Assam, West Bengal and Punjab have international borders. The threat perception from across the international borders has undergone a sea change in the context of recent developments in the Af-Pak region. Radical groups of different shades are feeling emboldened and are going to make a determined attempt to destabilise Punjab, where there have been several attempts to drop weapons from drones. The seizure of 3,000 kg of heroin that originated from Afghanistan on September 12 and the killing of five army personnel in Surankote (Jammu and Kashmir) on October 11 are straws in the wind. Pakistan-sponsored terrorist groups, particularly the Lashkar-e-Toiba and Jaish-e-Muhammad, will almost certainly renew their onslaught in the border states. West Bengal has already undergone a huge demographic change, thanks to its leaders’ accommodative attitude towards illegal migrants. Assam faces multiple problems of ethnic insurgencies, smuggling, counterfeit currency, drug trafficking, etc.

Under normal circumstances, it should have been possible for the state police of border states to deal with these problems. However, the police across the country are in a state of atrophy and they need the assistance of central armed police forces even for maintaining normal law and order. As such, their effectiveness against the emerging trans-border threats is suspect.

It is in this context that the Government of India decided to extend the jurisdiction of the BSF in three states. Interestingly, the former chief minister of Punjab, Amarinder Singh, has endorsed the Centre’s decision in the wake of incidents of weapons and drugs being pushed into Punjab by Pak-backed syndicates. The Assam chief minister has also welcomed the extension of BSF jurisdiction.

The home ministry’s latest notification only seeks to reinforce the capabilities of the state police in securing the states under section 139 of the BSF Act, which empowers the members of the force to discharge certain powers and duties within local limits of the areas specified in the schedule. The jurisdiction of the state police has neither been curtailed nor its powers reduced in any manner. It is just that the BSF will also be exercising powers of search, seizure and arrest in respect of only the Passport Act 1967, Passport (Entry into India) Act 1920 and specified sections of the Criminal Procedure code — in other words against those entering India illegally. It is merely an “enabling provision aimed at strengthening and complementing the efforts of the state police”. The BSF would, in any case, be handing over the accused together with the seized contraband to the local police. The power to register FIR and investigate the case remains with the state police. To say that half of Punjab will now fall under the BSF jurisdiction is an extremely misleading statement intended to arouse passions and generate anti-Centre feelings.

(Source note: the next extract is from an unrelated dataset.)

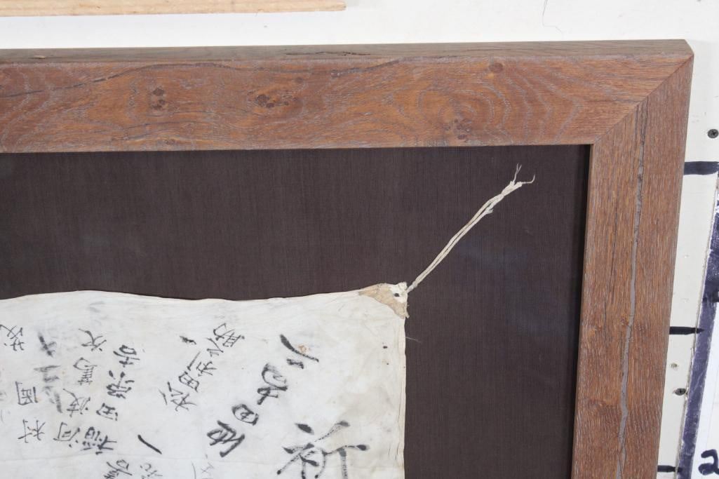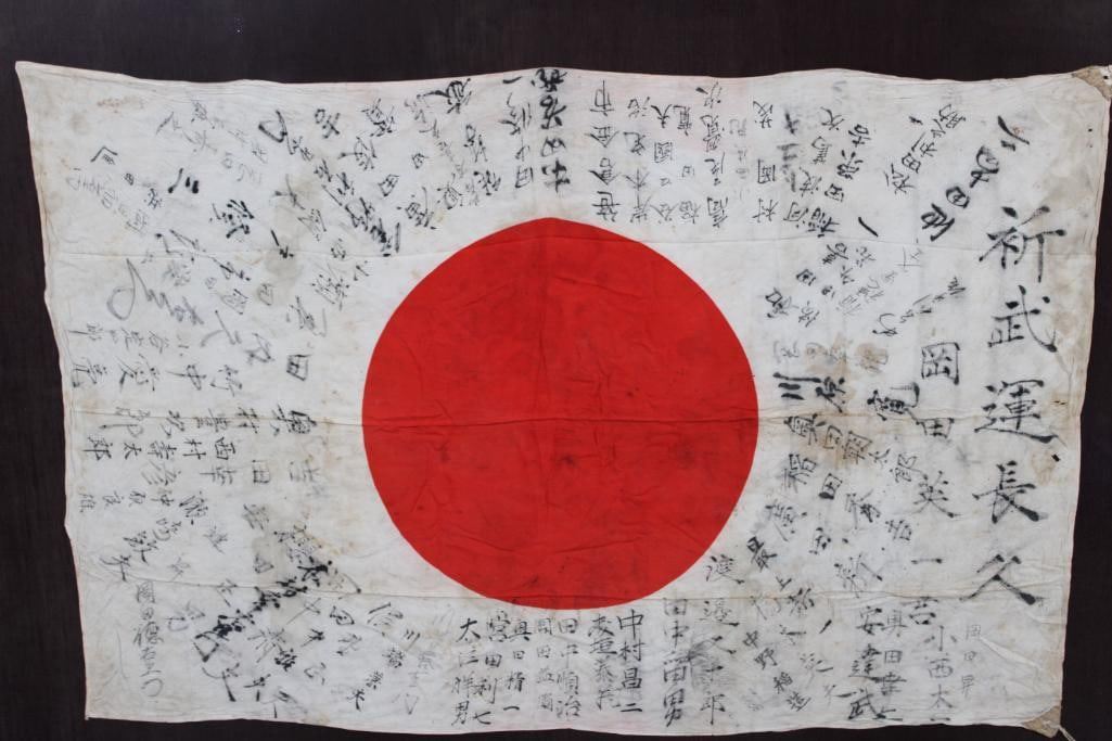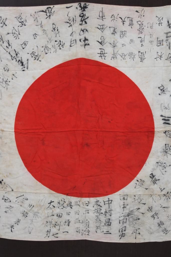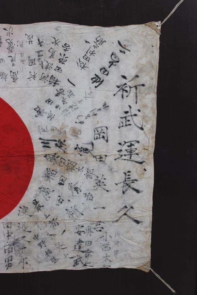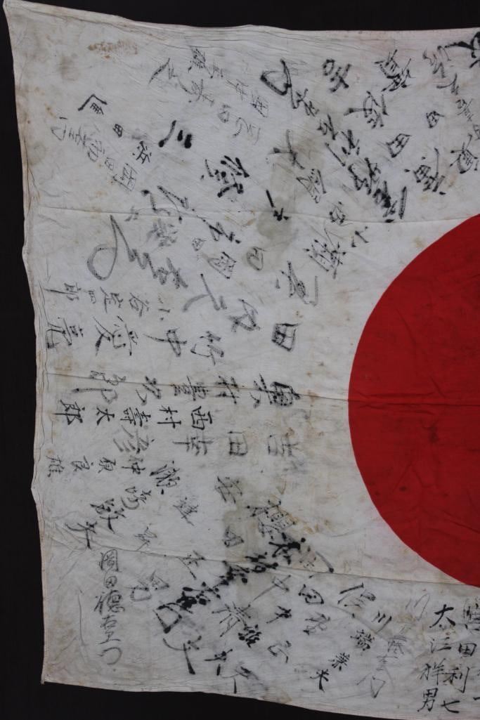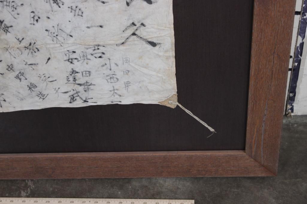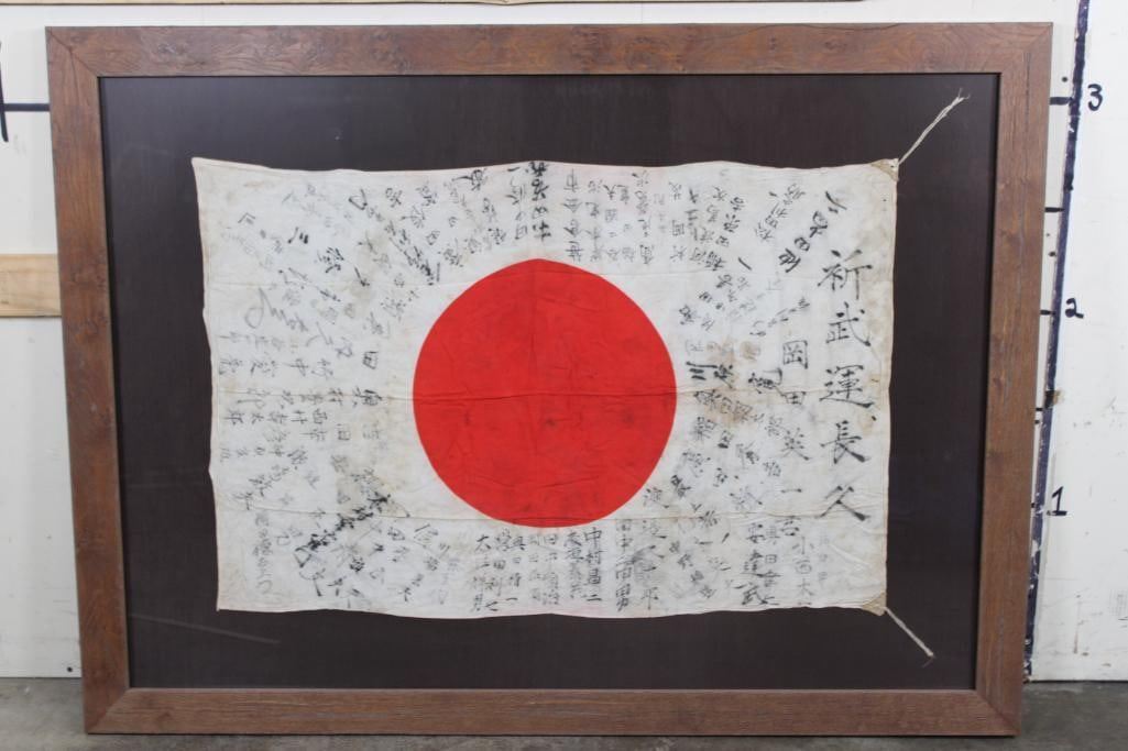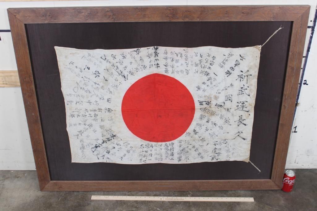 Original WW2 Japanese Silk Yosegaki Hinomaru "Good Luck Flag" from the 1940s in a Glass and Wood Frame that measures 55" Long x 41" Wide. A "yosegaki Himomaru' translates as a "Good Luck Flag" or "Inscribed Hinomaru", is a traditional Silk Japanese flag given to servicemen before deployment. It was given particularly during the military campaigns of the Empire of Japan during World War II. This national flag was a traditional gift signed with short messages from friends, families, and loved ones wishing the soldier victory, safety, and good luck. This Hinomaru is special because the dialect written is so old, it is not used in current day Japan. There are numerous books describing Hinomaru as souvenirs taken home by U.S. Marines and members of the U.S. Army Infantry. COLLECTIBLE WORLD WAR 2 MEMORABILIA

The hypocrisy of the Opposition is further exposed by the fact that, in 2011, the UPA had brought a bill to vest the BSF with powers to search, seize and arrest in any part of the country where it was deployed. It had to be dropped in the face of concerted opposition to the proposed measure.

The Indian Constitution, no doubt, fulfils some conditions of a federation, but it leans towards a strong Centre. As stated by Sir Ivor Jennings, “India has a federation with a strong centralising tendency”. In federations where police and public order are the responsibility of states (as in India), according to Rajeev Dhawan, “the Union may devise emergency regimes in its Constitution through legislation to override the exclusive autonomy of the states in respect of law and order and policy”. National security is a paramount consideration. It is unfortunate that the BSF is being dragged into political controversy when it would actually be over-stretching itself to strengthen national security.

This column first appeared in the print edition on October 16, 2021 under the title ‘Securing the states’. The writer was formerly Director-General, Border Security Force.